* **TASK INPUTS**:
####################

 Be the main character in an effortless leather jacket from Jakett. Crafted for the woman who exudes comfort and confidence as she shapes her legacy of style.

####################

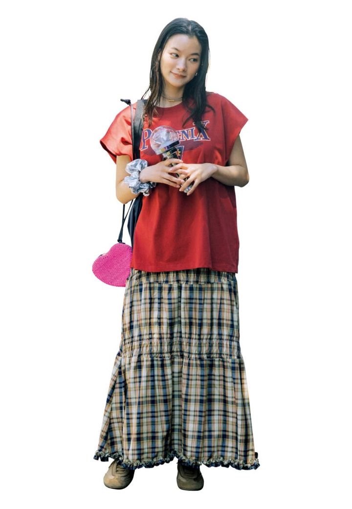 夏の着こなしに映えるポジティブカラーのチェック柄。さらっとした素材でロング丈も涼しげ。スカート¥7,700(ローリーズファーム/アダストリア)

####################

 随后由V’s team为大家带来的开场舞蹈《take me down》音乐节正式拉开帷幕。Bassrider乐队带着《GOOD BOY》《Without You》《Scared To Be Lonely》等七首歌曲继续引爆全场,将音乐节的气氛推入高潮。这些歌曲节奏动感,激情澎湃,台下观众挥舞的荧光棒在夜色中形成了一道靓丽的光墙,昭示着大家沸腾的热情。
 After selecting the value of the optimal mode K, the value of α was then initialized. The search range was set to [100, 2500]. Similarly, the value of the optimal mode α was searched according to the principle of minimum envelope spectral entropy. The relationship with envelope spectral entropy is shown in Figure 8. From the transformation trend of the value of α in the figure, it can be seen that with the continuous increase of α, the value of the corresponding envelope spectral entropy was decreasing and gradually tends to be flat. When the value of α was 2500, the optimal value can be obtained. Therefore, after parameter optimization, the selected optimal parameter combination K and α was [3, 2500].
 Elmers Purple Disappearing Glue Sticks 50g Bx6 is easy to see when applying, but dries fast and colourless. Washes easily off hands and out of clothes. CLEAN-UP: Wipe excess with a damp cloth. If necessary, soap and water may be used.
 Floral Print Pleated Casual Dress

####################

* **ACTIVITY**:
Of the lines above, extract only those from the line with "随后由V’s team为大家带来的开场舞蹈《take me" to the line with "Elmers Purple Disappearing", both included, exactly as written.

* **WRITTEN RESPONSE**:
 随后由V’s team为大家带来的开场舞蹈《take me down》音乐节正式拉开帷幕。Bassrider乐队带着《GOOD BOY》《Without You》《Scared To Be Lonely》等七首歌曲继续引爆全场,将音乐节的气氛推入高潮。这些歌曲节奏动感,激情澎湃,台下观众挥舞的荧光棒在夜色中形成了一道靓丽的光墙,昭示着大家沸腾的热情。
 After selecting the value of the optimal mode K, the value of α was then initialized. The search range was set to [100, 2500]. Similarly, the value of the optimal mode α was searched according to the principle of minimum envelope spectral entropy. The relationship with envelope spectral entropy is shown in Figure 8. From the transformation trend of the value of α in the figure, it can be seen that with the continuous increase of α, the value of the corresponding envelope spectral entropy was decreasing and gradually tends to be flat. When the value of α was 2500, the optimal value can be obtained. Therefore, after parameter optimization, the selected optimal parameter combination K and α was [3, 2500].
 Elmers Purple Disappearing Glue Sticks 50g Bx6 is easy to see when applying, but dries fast and colourless. Washes easily off hands and out of clothes. CLEAN-UP: Wipe excess with a damp cloth. If necessary, soap and water may be used.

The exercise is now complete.